▸ **EXERCISE PROMPT**:
Starting from the line with "Le ministère a" and going up to and including the line with "К началу февраля", copy the listing below exactly. Leave all images out.

▸ **PROVIDED INFORMATION**:
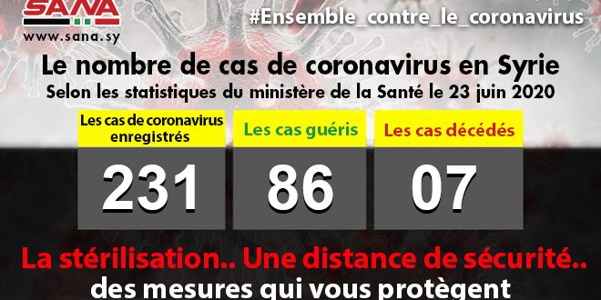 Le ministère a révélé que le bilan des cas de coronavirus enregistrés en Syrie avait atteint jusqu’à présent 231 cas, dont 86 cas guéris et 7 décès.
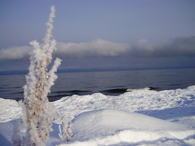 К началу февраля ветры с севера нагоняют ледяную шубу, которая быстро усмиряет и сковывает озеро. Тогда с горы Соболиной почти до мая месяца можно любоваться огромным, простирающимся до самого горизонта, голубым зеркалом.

---

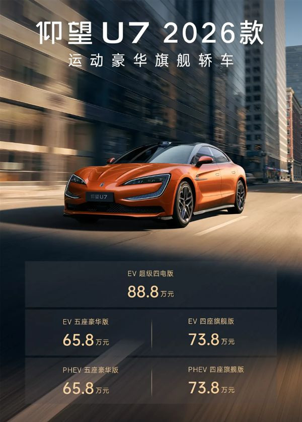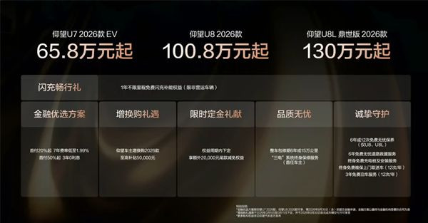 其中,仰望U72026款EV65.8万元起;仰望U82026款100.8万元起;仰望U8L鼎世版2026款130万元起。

...

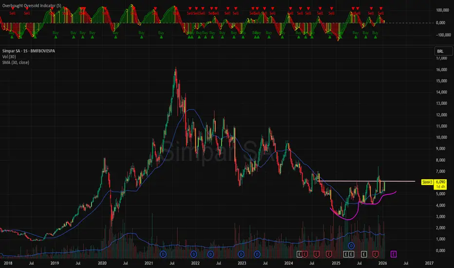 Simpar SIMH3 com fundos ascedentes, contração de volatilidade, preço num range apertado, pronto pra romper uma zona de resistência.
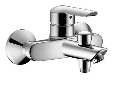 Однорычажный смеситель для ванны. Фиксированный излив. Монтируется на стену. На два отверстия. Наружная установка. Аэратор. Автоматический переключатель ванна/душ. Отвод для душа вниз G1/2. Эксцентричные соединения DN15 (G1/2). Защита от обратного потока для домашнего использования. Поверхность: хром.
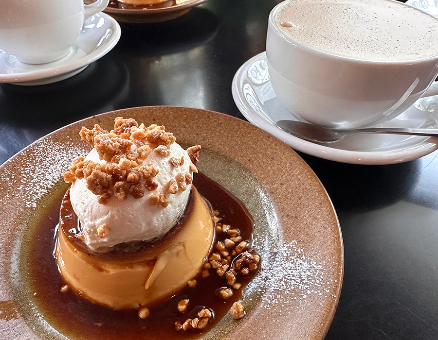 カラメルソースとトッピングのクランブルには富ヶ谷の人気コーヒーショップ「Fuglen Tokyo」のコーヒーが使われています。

▸ **OUTPUT FOR THIS TASK**:
 Le ministère a révélé que le bilan des cas de coronavirus enregistrés en Syrie avait atteint jusqu’à présent 231 cas, dont 86 cas guéris et 7 décès.
 К началу февраля ветры с севера нагоняют ледяную шубу, которая быстро усмиряет и сковывает озеро. Тогда с горы Соболиной почти до мая месяца можно любоваться огромным, простирающимся до самого горизонта, голубым зеркалом.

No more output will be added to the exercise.